Командир роты Круглов составил сводку о наших потерях. Список был длинный, каждая фамилия была знакомой и дорогой.
Ротный медленно поднялся, лицо его посерело и осунулось, глаза провалились, на висках засеребрились пряди волос.
— Отнесите в штаб батальона, — подавая список связному, сказал он. И когда связной выходил из землянки, добавил: — Не забудьте почту принести!

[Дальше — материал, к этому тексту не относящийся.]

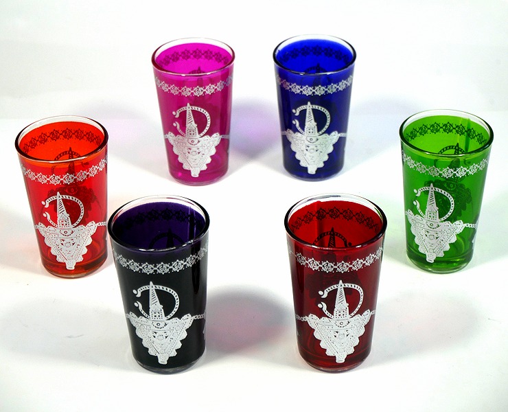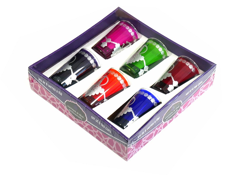 Verres à thé marocain CLASSIQUE colorés et ornés de motifs traditionnels dorés (Pack de 6 verres) - REF. 15941 (20.00 €)
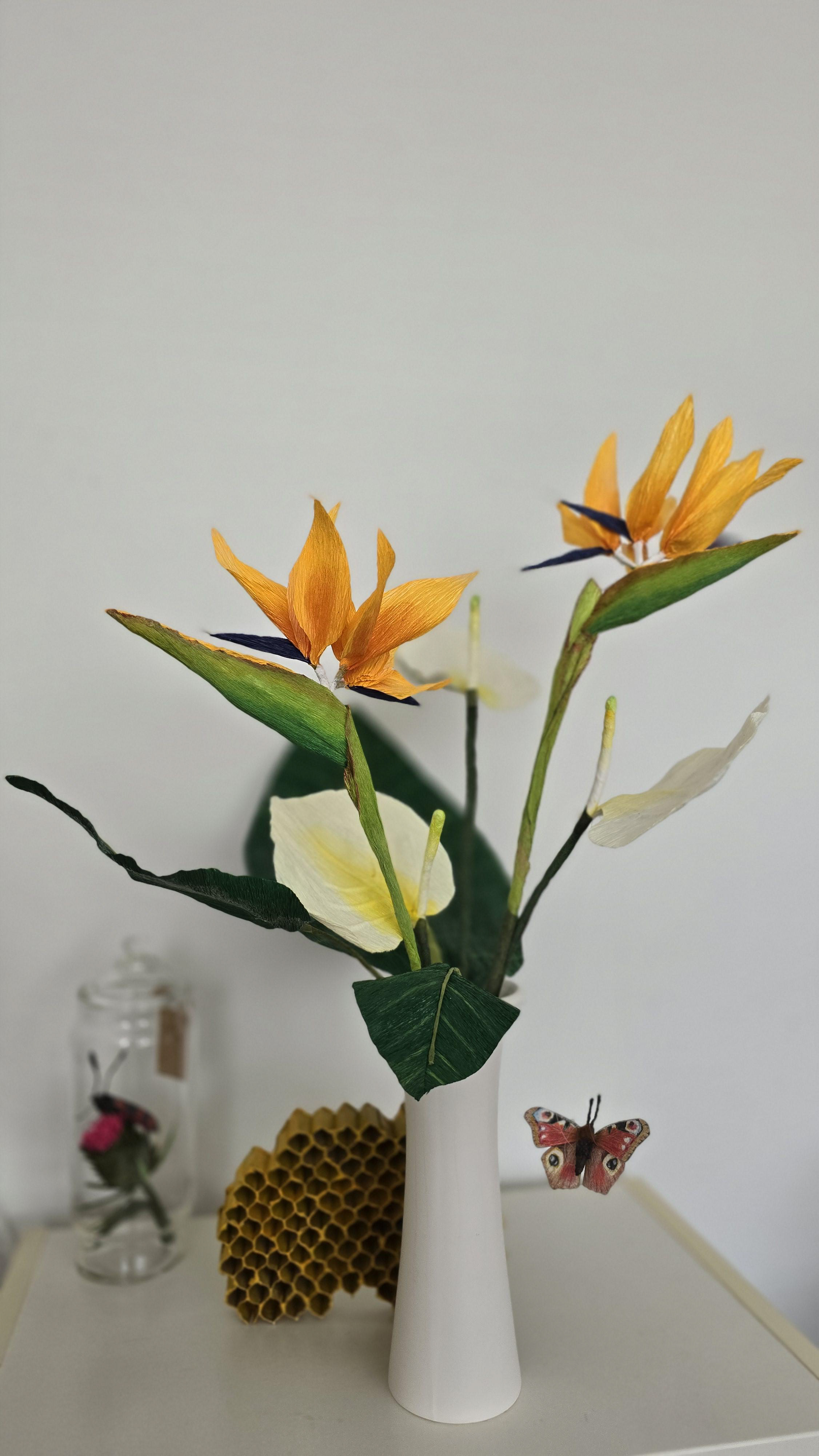 Hartelijk dank voor uw duurzame bestelling die met liefde is gemaakt. De bloemen zijn handgemaakt van (crepe) papier en bloemdraad en zijn stuk voor stuk handbeschilderd met acrylverf en afgewerkt met vernis. Hierdoor gaan de bloemen jarenlang mee en behouden ze hun oorspronkelijke kleur.

…Во второй половине ночи с восьмого на девятое августа политрук Васильев и я возвратились из штаба батальона. Многие товарищи спали. Сидя на патронном ящике, Круглов при свете свечи читал письмо. Листок, лежавший на его коленях, был исписан неровным детским почерком. Круглов молча протянул листок Васильеву. Политрук взял его и вслух прочитал:
— «Милый мой папочка! Где ты теперь? Что с тобой? Я не знаю, ночью просыпаюсь, вспоминаю тебя и плачу. Мама тоже плачет, она скрывает от меня свои слезы, но я их вижу. Папочка, я храню твое первое письмо, которое ты нам прислал с фронта. Папочка, кончай скорее войну и приезжай к нам. Как мне хочется быть вместе с тобой. Целую крепко, крепко. Твой сын Толя».
Письмо это тронуло мое сердце. Свое волнение я и не пытался скрыть.
Круглов, не стесняясь, поцеловал письмо жены и сына и, аккуратно сложив, спрятал в карман гимнастерки. Некоторое время он сидел, глубоко задумавшись, глаза его с тоской смотрели в сторону Ленинграда.
Политрук спросил:
— Что пишет жена? Как она без тебя живет?
— Очень волнуется за нас…
— Да, тяжело. И моя волнуется. И не знаешь, как успокоить.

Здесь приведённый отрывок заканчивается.